The table below lists weighted voting intentions from opinion polls in reverse chronological order, showing the most recent first and using the dates when the survey fieldwork was done, as opposed to the date of publication.

| Pollster | Fieldwork date | Sample size | In favor | Against | Don't know | Lead |
|---|---|---|---|---|---|---|
| Cadem | 8–10 November 2023 | 710 | 32% | 50% | 18% | −18 |
| Criteria | 2–6 November 2023 | 1,000 | 32% | 68% |  | −36 |
| Cadem | 13–15 September 2023 | 703 | 29% | 71% |  | −42 |

== Results ==
Chileans voted against the new constitution, with a turnout of just under 85%. This marked the second draft constitution to be rejected following a referendum, after the prior draft was defeated in 2022. This indicates a failure for both the left-wing and right-wing camps, who drafted the first and second proposals, respectively.

Support for the "against" option was strongest in the central and northern parts of the country, while the "in favor" performed relatively better in the southern half of Chile, except in Magallanes Region.

At a communal level the option "in favor" would have won if counting only communes with less than 10,000 inhabitants, while the "against" option had in general an increasing share of the vote in more populated communes, reaching 58% of the vote if counting only communes with more than 100,000 inhabitants.

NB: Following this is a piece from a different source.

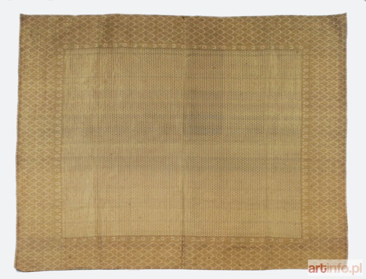 Środek z motywem drobnej łuski karpiej; szeroka bordiura z dużym wzorem łuski karpiej, przy czym każda łuska ma kształt palmetki. Koloryt miodowo-złoty. W jednym z naroży od spodu wszyta krajka z wpisanym w owal herbem Pilawa pod hrabiowską koroną; nad górną krawędzią owalu łukiem napis: „BUCZACZ”. Poniżej nieczytelne ręczne napisy.

The "against" vote was particularly strong among women under 34 years of age among which 70.1% voted against.

The voting pattern was similar to that of the second round of the 2021 Chilean general election with areas that voted mostly for Boric showing a stronger vote for the "against" option and areas that voted mostly for José Antonio Kast displaying relatively more votes for the "in favor" option.

2023 Chilean constitutional referendum
| Choice |  | Votes | % |
| For |  | 5,470,025 | 44.24 |
| Against |  | 6,894,287 | 55.76 |
| Total |  | 12,364,312 | 100.00 |
| Valid votes |  | 12,364,312 | 95.00 |
| Invalid votes |  | 480,730 | 3.69 |
| Blank votes |  | 169,921 | 1.31 |
| Total votes |  | 13,014,963 | 100.00 |
| Registered voters/turnout |  | 15,406,352 | 84.48 |
Source: Servicio Electoral de Chile

== Aftermath ==
President Boric stated that he would not seek a third referendum or constitutional convention.

Various politicians of the centre-right and right-wing parties Evópoli, National Renewal and Independent Democratic Union signed a letter in late December 2023 blaming "maximalism" on behalf of the hard-right Republican Party for the defeat of the new proposed constitutional text. Pundit Pablo Ortúzar interpreted the result as a left-wing "vengeance" for the 2022 Chilean constitutional referendum aided by a "dirty campaign".

Within Social Convergence, President Boric's party, there were calls to move into a political "offensive" following the success of the "against" option they had supported.

Pundit Daniel Mansuy interpreted the result a defeat for the Chilean "political class" in general and more in particular for the Republican Party.